There had to be a Layer 2 issue, which could include bridging, MAC address learning occurring on different pieces of equipment at different times, competition for an IP, or ARP poisoning.

As more time passed, more workstations started to notice more loss of traffic on the network. All signs pointed to something wrong with the ARP table. A show mac address-table command on one of the switches showed that a number of hosts were associated with a MAC address of 00:00:00:00:00:00 and that number was increasing over time.

Wireshark

After getting a SPAN port on the switch and looking at traffic with Wireshark, we found a large number of responses to ARP requests with a value of 00:00:00:00:00:00 for hosts in the local subnet that were all sourced from one machine.
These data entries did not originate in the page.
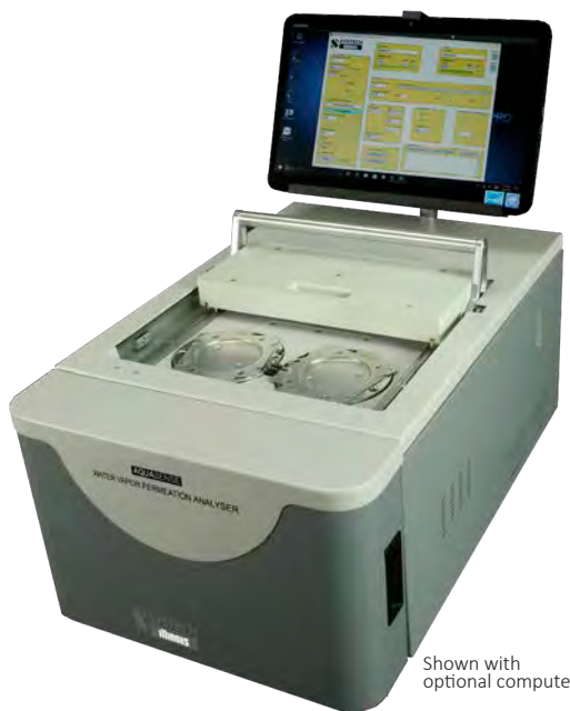
Shown with optional computer

Coulometric sensor technology ASTM F3299-18 compliant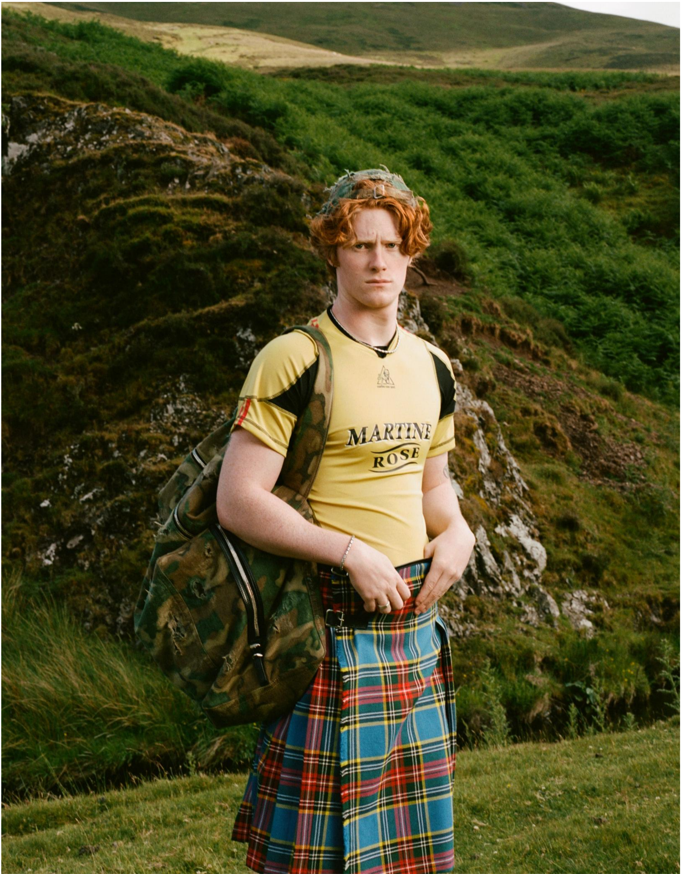
14. SCOTTISH DRILL - NUMERO 15. SCOTTISH DRILL - NUMERO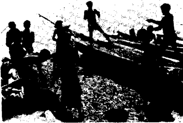
Fig. 1. Oil sandines being removed from the net after landing.

Every year a few tonnes of oil sardines used to be landed at Tuticorin. But there was no landing of oil sardines during 1992 - 1994. In 1995, they reappeared and 77 tonnes were landed ( Mar. Fish Inter. Serv., T & E Ser. Room No. 130 ). During December 1996 118 tonnes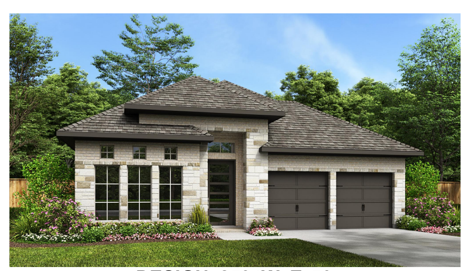
DESIGN 2504W E-56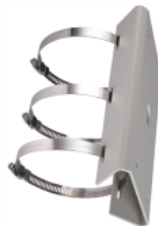
DS-1275ZJ/HWB Vertical Pole Mount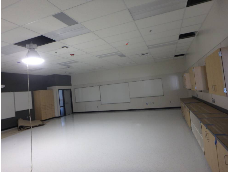
Looking west at the west wall of the north classroom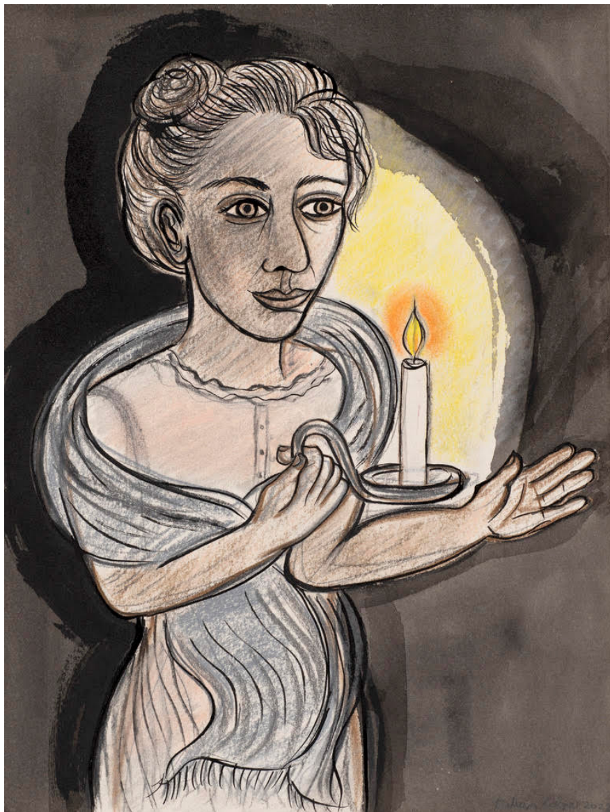
On the Way to Bed , 2022. collage, drawing, ink, pastel and charcoal, 38 x 28.5 cm.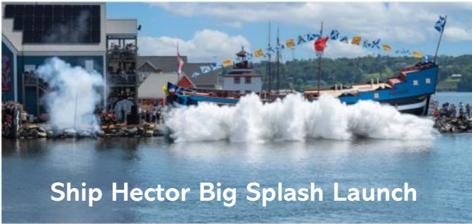
Ship Hector Big Splash Launch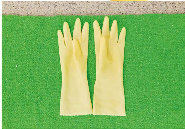
Yellow Latex Gloves, 2015

This one computer was poisoning the ARP cache on the network with all zeros, causing the location for every host to eventually become a blackhole for traffic.

As more ARP caches on end-user machines and switching equipment were timing out, they were sending out new ARP requests and getting poisoned information. Once the offending machine’s port was shut down, we started to notice traffic return to normal.